Their Current Address is “Our Town”

Cast members, many new to acting, talk about their experience

by Alison Rooney

The Hudson Valley Shakespeare Festival’s community-inspired and populated production of Thornton Wilder’s Our Town, which will be presented over Labor Day weekend at four locations, including Peekskill, Garrison and Newburgh, sold out of its free tickets in just about an hour on the day they were offered. (A small number of tickets will be made available in late August via pop-up booths; see for updates.)

For the cast, which is made up of people from all walks of life and from all over the region, this has only added to the rewards of becoming part of this production. The Highlands Current asked a few of them about their experience in rehearsals and their thoughts about the character they are portraying. We will post new profiles each week up to show time.

Nathaniel Ramos

What’s your name, where are you from and what do you do for a living?
My name is Nathaniel Ramos. I’m from Beacon and I’m going into the sixth grade at Rombout Middle School. I’m a tap dancer and I love doing theater. I’ve been singing since I could talk.

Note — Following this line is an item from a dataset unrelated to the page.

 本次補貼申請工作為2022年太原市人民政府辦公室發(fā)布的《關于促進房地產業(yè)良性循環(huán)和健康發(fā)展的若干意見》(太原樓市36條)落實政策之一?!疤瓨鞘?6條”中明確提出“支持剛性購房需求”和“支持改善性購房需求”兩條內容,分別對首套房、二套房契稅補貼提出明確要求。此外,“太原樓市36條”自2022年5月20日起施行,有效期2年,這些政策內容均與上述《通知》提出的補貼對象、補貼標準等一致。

What’s something we should know about your role — either something Thornton Wilder refers to, or something you’ve come up with yourself?
The show Our Town is pretty deep. I play a Baseball Player who teases George right before his wedding. I help provide some comic relief at a really serious part in the show.

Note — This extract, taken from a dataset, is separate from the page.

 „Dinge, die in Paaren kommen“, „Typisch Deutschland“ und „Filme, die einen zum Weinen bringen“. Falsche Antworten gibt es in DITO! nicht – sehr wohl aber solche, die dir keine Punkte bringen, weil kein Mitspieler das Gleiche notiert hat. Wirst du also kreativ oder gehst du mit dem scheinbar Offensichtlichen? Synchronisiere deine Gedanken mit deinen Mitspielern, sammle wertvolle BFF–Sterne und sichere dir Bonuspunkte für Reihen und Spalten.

Nathaniel Ramos (Photo by Ashley Garrett)

Nathaniel Ramos (Photo by Ashley Garrett)

What has surprised you most about the workshop/rehearsal process?
The rehearsal process for this show is like nothing I’ve been a part of before. The director, John Christian Plummer, really wants us all to get to know each other. We did a lot of warm-ups and ice-breaking exercises. I have enjoyed meeting all the different cast members. It’s cool having a show called Our Town filled with regular people from our towns.

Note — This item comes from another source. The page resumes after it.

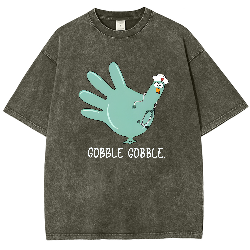 Turkey Gobble Glove Thanksgivin Nurse Vintage Washed T-shirt

In what way does Our Town resonate with you most?
Our Town
tells me that everyone should pay attention. We should try to enjoy and treasure every minute in our lives because it doesn’t last forever. Even though I’m really young, it reminds me to appreciate what I have and to not take what I have for granted.

Tim Harbolic

What is your name, where are you from and what do you do for a living?
My name is Tim Harbolic, I was born and raised in Buchanan. I work in Commercial Operations for A&E Television Networks where I build digital commercial traffic logs for the History Channel.

What is something we should know about your Role?
George is a typical teenage boy who faces some serious life decisions, decisions that we all eventually have to make. Preparing for this role has really caused me to sit and think about all of the times when I stopped whatever I was doing and thought “If I knew then, what know now.” Becoming George has helped me realize that life is about the experience. It is about living and most importantly that, in the end, you have to go with your gut instinct and never look back.

Tim Harbolic (Photo by Ashley Garrett)

Tim Harbolic (Photo by Ashley Garrett)

What has surprised you most about the workshop and rehearsal process?
This process has really been quite an experience. From walking around with shoes on our heads during rehearsals to the moments we were trying to jump rope while looking a stranger in the eye during the workshops, it is safe to say that I don’t really know how to explain the things that I am learning. The one thing I do know: it is making me feel a lot more comfortable with myself and strangers on a daily basis.

In what way does Our Town resonate with you the most?
Our Town
is truly a timeless piece. It is timeless because no matter the year, people will read this play and be able to relate. It is about love, life, time, community, change, life and death. The reason this play has touched me is because it explains the layers of walls that we surround ourselves with, in order to feel comfortable. It explains the big meaning of life in a much simpler fashion for all to relate.